■ **INPUT DATA**
━━━

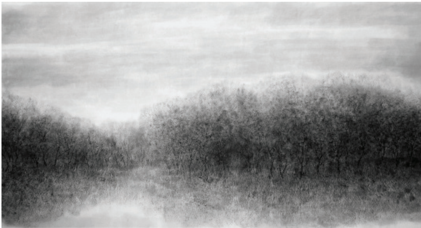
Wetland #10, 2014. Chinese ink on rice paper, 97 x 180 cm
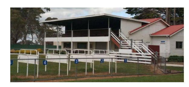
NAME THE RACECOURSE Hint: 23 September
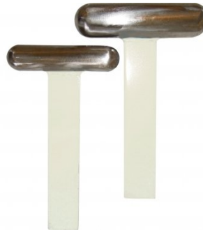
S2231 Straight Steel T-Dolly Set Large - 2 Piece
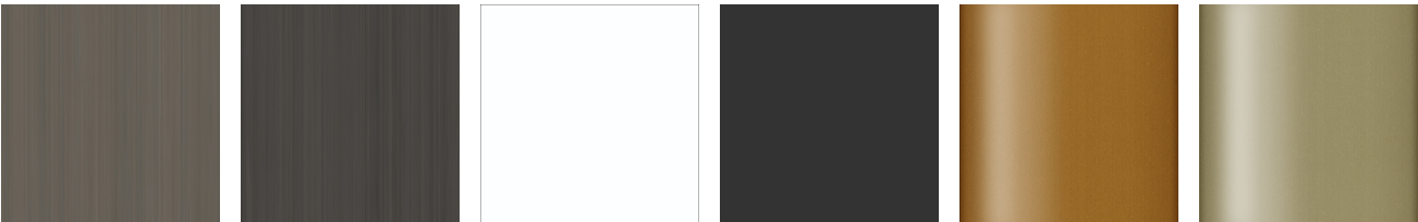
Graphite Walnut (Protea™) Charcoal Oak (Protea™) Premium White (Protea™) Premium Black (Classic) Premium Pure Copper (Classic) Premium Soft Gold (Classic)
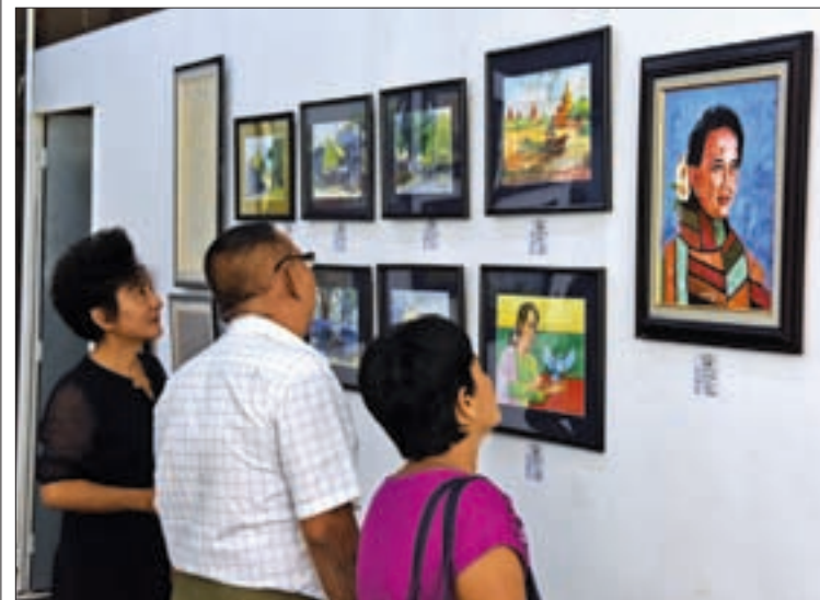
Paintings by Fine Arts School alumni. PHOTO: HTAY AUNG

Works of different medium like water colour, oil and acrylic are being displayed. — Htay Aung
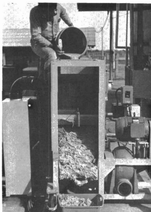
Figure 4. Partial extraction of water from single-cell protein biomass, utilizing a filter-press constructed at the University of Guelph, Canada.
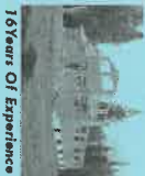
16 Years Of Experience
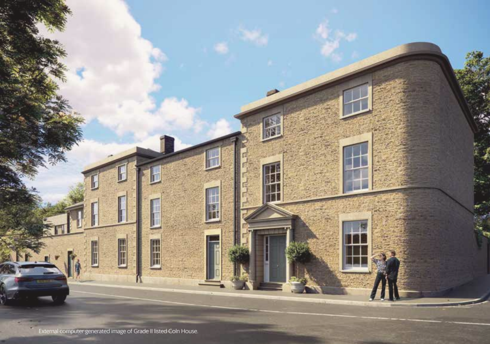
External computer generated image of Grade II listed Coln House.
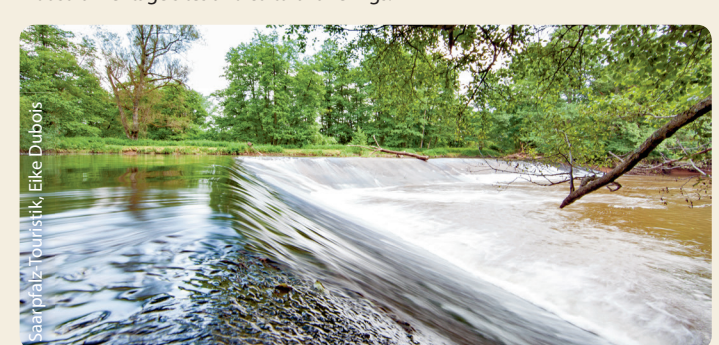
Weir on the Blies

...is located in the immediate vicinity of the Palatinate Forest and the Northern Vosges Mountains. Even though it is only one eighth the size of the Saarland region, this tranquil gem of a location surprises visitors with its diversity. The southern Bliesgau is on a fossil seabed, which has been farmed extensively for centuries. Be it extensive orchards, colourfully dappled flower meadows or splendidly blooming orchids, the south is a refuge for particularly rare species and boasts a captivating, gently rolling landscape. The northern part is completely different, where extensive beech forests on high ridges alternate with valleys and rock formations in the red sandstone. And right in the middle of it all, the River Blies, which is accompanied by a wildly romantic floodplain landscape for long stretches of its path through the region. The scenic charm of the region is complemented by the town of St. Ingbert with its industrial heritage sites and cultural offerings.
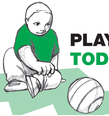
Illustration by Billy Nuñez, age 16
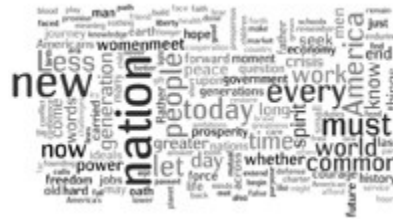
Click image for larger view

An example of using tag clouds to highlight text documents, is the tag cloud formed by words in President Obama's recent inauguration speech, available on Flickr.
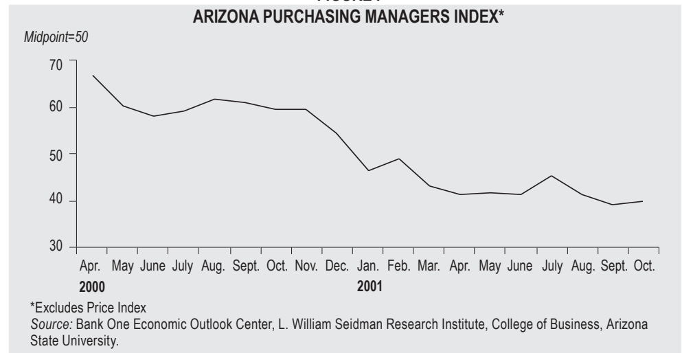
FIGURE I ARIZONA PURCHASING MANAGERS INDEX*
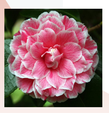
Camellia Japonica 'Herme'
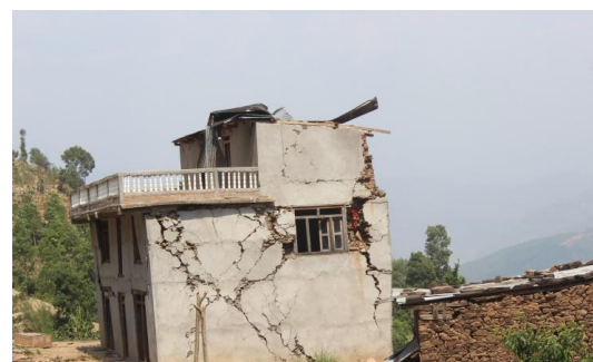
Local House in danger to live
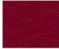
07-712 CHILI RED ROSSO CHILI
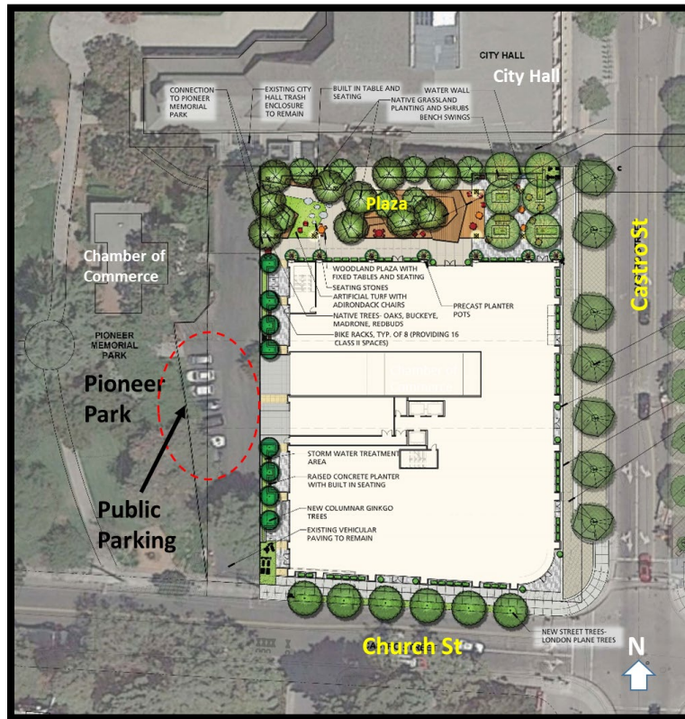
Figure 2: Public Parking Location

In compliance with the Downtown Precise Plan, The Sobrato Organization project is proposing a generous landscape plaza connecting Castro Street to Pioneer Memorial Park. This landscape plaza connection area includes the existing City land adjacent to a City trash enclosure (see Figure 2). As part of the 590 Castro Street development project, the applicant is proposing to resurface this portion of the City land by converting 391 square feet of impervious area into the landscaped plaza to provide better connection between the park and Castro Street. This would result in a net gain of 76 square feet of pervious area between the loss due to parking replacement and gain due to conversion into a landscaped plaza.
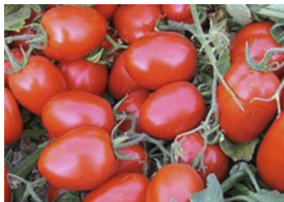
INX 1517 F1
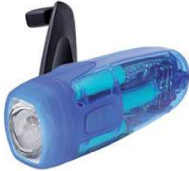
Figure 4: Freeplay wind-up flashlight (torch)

━━━

■ **EXERCISE AIM**
From the data above, return only the lines starting at the line that holds "and cultural offerings." and ending at the line that holds "Figure 2: Public Parking Location", word for word and without pictures.

■ **EXERCISE RESPONSE**
...is located in the immediate vicinity of the Palatinate Forest and the Northern Vosges Mountains. Even though it is only one eighth the size of the Saarland region, this tranquil gem of a location surprises visitors with its diversity. The southern Bliesgau is on a fossil seabed, which has been farmed extensively for centuries. Be it extensive orchards, colourfully dappled flower meadows or splendidly blooming orchids, the south is a refuge for particularly rare species and boasts a captivating, gently rolling landscape. The northern part is completely different, where extensive beech forests on high ridges alternate with valleys and rock formations in the red sandstone. And right in the middle of it all, the River Blies, which is accompanied by a wildly romantic floodplain landscape for long stretches of its path through the region. The scenic charm of the region is complemented by the town of St. Ingbert with its industrial heritage sites and cultural offerings.
Illustration by Billy Nuñez, age 16
Click image for larger view

An example of using tag clouds to highlight text documents, is the tag cloud formed by words in President Obama's recent inauguration speech, available on Flickr.
FIGURE I ARIZONA PURCHASING MANAGERS INDEX*
Camellia Japonica 'Herme'
Local House in danger to live
07-712 CHILI RED ROSSO CHILI
Figure 2: Public Parking Location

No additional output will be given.